United States District Court, D. Montana, Billings Division

May 3, 2019

DALLAS KRAMER, Petitioner,
v.
JAMES SALMONSEN; ATTORNEY GENERAL OF THE STATE OF MONTANA, Respondents.

          FINDINGS AND RECOMMENDATIONS OF UNITED STATES MAGISTRATE JUDGE

          Timothy J. Cavan, United States Magistrate Judge

         This case comes before the Court on state pro se prisoner Dallas Kramer's application for writ of habeas corpus under 28 U.S.C. § 2254. (Doc. 1.) Kramer challenges his state sentence handed down on September 6, 2018, in Montana's Twenty-Second Judicial District, Carbon County. Id. at 2, ¶¶ 1-2. Kramer claims the district court unlawfully denied him credit for 581 days of time served, id. at 5, ¶ 13(B), and that the Montana Supreme Court erred in denying his subsequent challenge to the sentence. Id. at 4, ¶ 13(A).

         I. Background

         Although Kramer's petition provides little information, the exhibits attached shed additional light on his claims. It appears at the time Kramer committed the Carbon County offenses in Cause No. DC 17-45, he was under conditions of a previously imposed Yellowstone County sentence, Cause No. DC 05-0685. (Doc. 1-1 at 5, 7, 10-11).[1] Kramer was arrested on the Carbon County charges on March 18, 2017 and held in custody at the Yellowstone County Detention Center. Id. at 7. It appears that prior to the arrest, Yellowstone County revocation proceedings were already pending in Cause No. DC 05-0685. Id. On April 13, 2017, Kramer's Yellowstone County sentence was revoked, and he was sentenced to the Department of Corrections for four years and three hundred and fifty-eight days. (Doc. 1-1 at 9, 11.) Kramer was not granted credit for any “street time.” Id. at 11.

         On September 16, 2018, pursuant to a plea agreement in the Carbon County matter, Kramer was sentenced to three years for criminal possession with intent to distribute, and to six months for misdemeanor criminal possession of drug paraphernalia. (Doc. 1 at 2, ¶¶ 1-2); see also, (Doc. 1-1 at 10-11). This sentence was ordered to run concurrently with the Yellowstone County sentence Kramer was already serving; Kramer was not awarded any credit for time served. (Doc. 1-1 at 11).

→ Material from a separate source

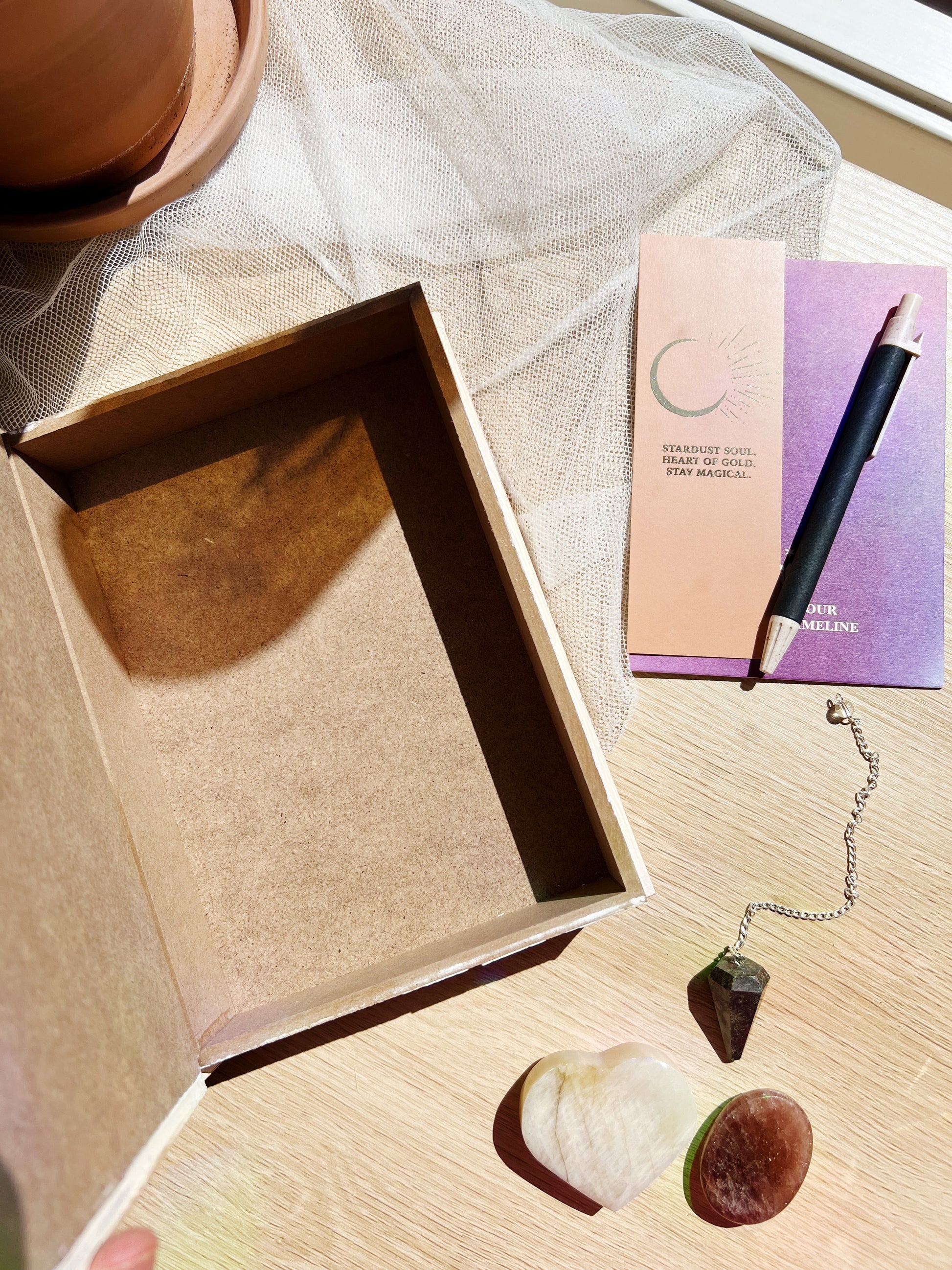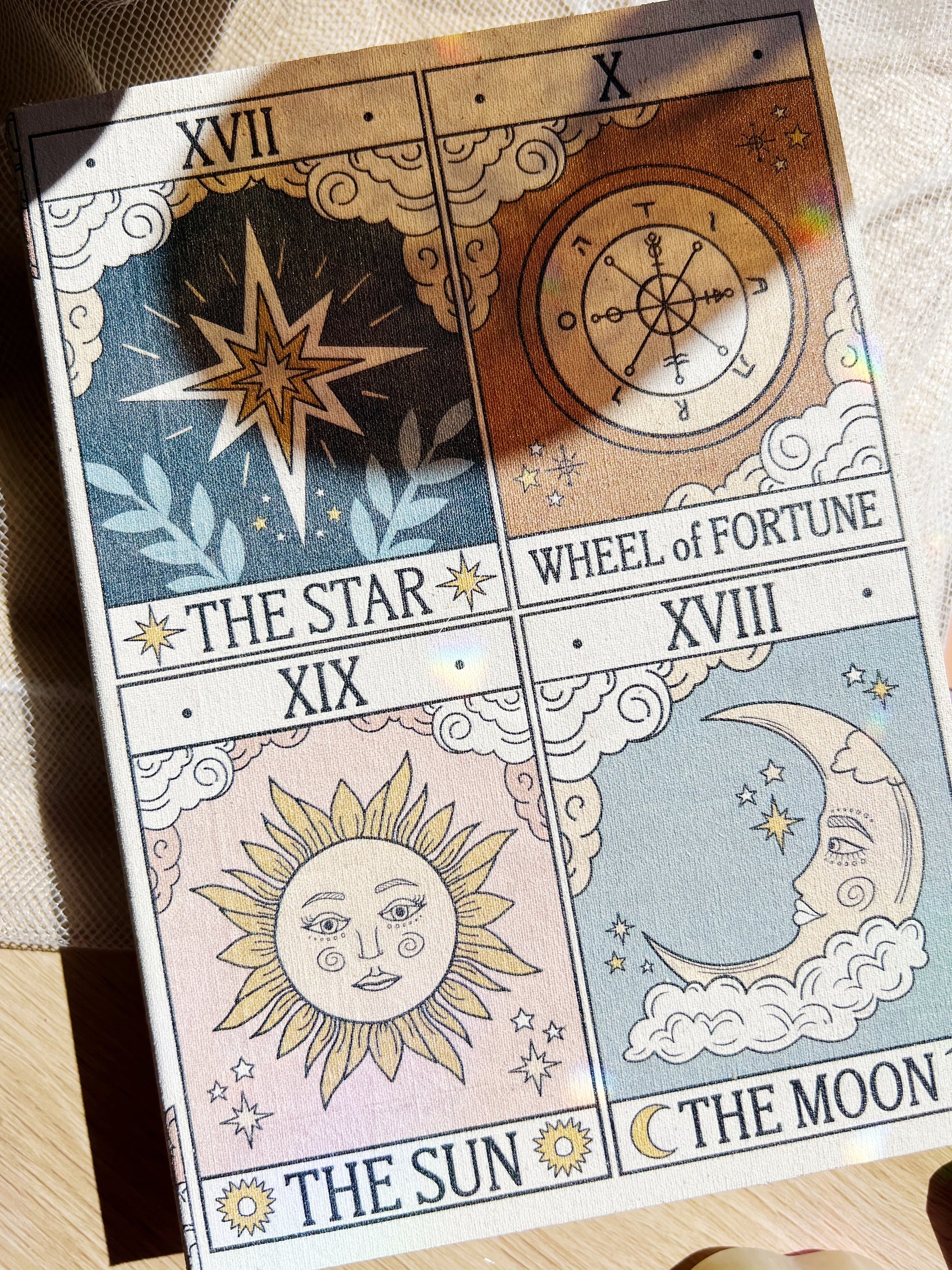 Hold dine skatter skjult i denne stoffinntrukne oppbevaringsboksen, som er designet som The Book of Tarot. Med et vintage tarot-inspirert design og klassiske symboler som Solen, Månen, Stjernen og Hjulet av Lykke, er denne bokformede boksen perfekt for å oppbevare smykker, små skatter eller minner.

         In denying Kramer habeas relief, the Montana Supreme Court determined Kramer was not entitled to credit for any time served while incarcerated on the Yellowstone County revocation, because it was “not directly related to his Carbon County offenses, ” and Kramer was precluded by state statute from challenging his revocation sentence via habeas corpus. Id. at 11.

         II. Analysis

         “[A] district court shall entertain an application for a writ of habeas corpus in behalf of a person in custody pursuant to a judgment of a State court only on the ground that he is in custody in violation of the Constitution or laws or treaties of the United States.” 28 U.S.C. §2254(a). Additionally, the Antiterrorism and Effective Death Penalty Act (“AEDPA”) imposes a “highly deferential standard for evaluating state-court rulings, ” and requires “that state-court decisions be given the benefit of the doubt.” Woodford v. Visciotti, 537 U.S. 19, 24 (2002).

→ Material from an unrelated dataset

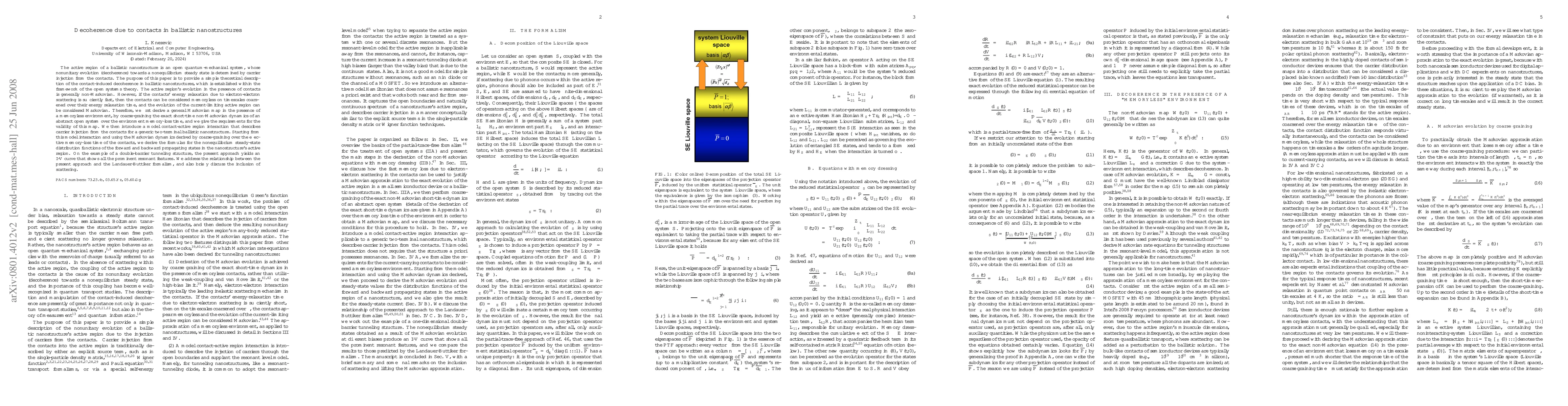 This paper presents a simplified theoretical model for understanding decoherence in ballistic nanostructures caused by contacts. It shows that under certain conditions, the contacts can be treated as memoryless, allowing for a Markovian description of the active region's evolution. The authors derive formulas for steady-state distribution functions of charge carriers and demonstrate their approach using a double-barrier tunneling structure, accurately reproducing its I-V curve features. The study also connects to the Landauer-Büttiker formalism and considers scattering.
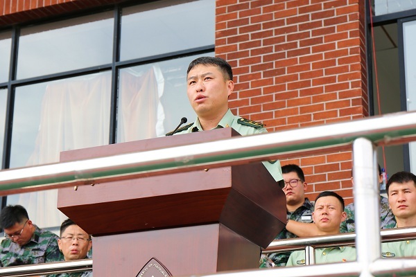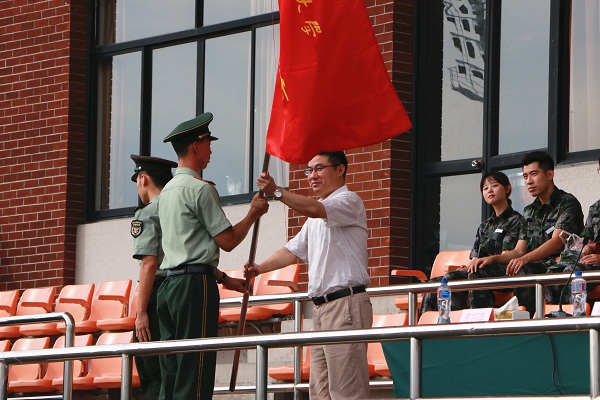 闵辉为军训连授旗。鲍新钢和学工部(处)部(处)长、武装部部长王戎分别作军训动员讲话。军训团一连连长王森森、经济法学院黄许同学分别代表教官和受训学生发言。

         “[F]ederal habeas corpus relief does not lie for errors of state law.” Estelle v. McGuire, 502 U.S. 62, 67 (1991)(citations omitted). “[E]rrors of state law do not concern us unless they rise to the level of a constitutional violation.” Oxborrow v. Eikenberry, 877 F.2d 1395, 1400 (9th Cir. 1989). The violation of state law is not grounds for federal habeas relief. Swarthout v. Cooke, 131 S.Ct. 859, 861 (2011); Roberts v. Hartley, 640 F.3d 1042, 1046 (9th Cir. 2011); 28 U.S.C. § 2243(a).

         “Absent a showing of fundamental unfairness, a state court's misapplication of its own sentencing laws does not justify federal habeas relief.” Christian v. Rhode, 41 F.3d 461, 469 (9th Cir. 1994). To state a cognizable federal habeas claim based upon a purported state sentencing error, a petitioner must show that the alleged sentencing error was “so arbitrary or capricious as to constitute an independent due process” violation. Richmond v. Lewis, 506 U.S. 40, 50 (1992)(quoting Lewis v. Jeffers, 497 U.S. 764, 780 (1990).

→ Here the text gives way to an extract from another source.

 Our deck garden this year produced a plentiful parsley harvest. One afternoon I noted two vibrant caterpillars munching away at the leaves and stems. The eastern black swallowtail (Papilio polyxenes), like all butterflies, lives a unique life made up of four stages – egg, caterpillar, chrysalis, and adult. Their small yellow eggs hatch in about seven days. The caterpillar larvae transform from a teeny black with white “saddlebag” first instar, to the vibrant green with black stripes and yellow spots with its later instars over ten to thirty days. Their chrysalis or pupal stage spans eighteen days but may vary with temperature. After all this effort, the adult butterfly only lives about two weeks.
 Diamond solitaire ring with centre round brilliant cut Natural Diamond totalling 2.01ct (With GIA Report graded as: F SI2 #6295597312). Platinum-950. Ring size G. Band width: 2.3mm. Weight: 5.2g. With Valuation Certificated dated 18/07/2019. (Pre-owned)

         Kramer contends that it was error to deny him credit for time served because he was held in custody and revoked and sent to prison “specifically for DC 17-45, ” and accordingly deserves credit. (Doc. 1 at 4, ¶ 13(A)(i)). But Kramer's own documents belie his assertion that the sole basis for his Yellowstone County revocation was the Carbon County drug charge. Kramer's supervising officer, Toman Baukema, noted that prior to the Carbon County arrest, Kramer “was already in revocation and out on bond, but he keeps posting [bond] and getting out.” (Doc. 1-1 at 7.) Further, Baukema indicated that Kramer had a history of: absconding supervision, traveling out of state without permission, recent dirty urinalysis tests for methamphetamine, in addition to the Carbon County charges. Id. For all of these reasons, Baukema requested a $50, 000 bond be placed upon Kramer in the Yellowstone County matter. Id.

         Thus, it does not appear that there was a sentencing error “so arbitrary and capricious” so as to constitute an independent due process violations. See, Richmond, 506 U.S. at 50 (citing Lewis, 497 U.S. at 780). While Kramer believes his constitutional rights were violated, he has demonstrated nothing more than a disagreement with the application of Montana state sentencing law. The sentence imposed in Kramer's case is not fundamentally unfair. See Christian, 41 F.3d at 469. Accordingly, Kramer's claims are not cognizable in habeas. This Court cannot provide relief and will recommend Kramer's petition be dismissed.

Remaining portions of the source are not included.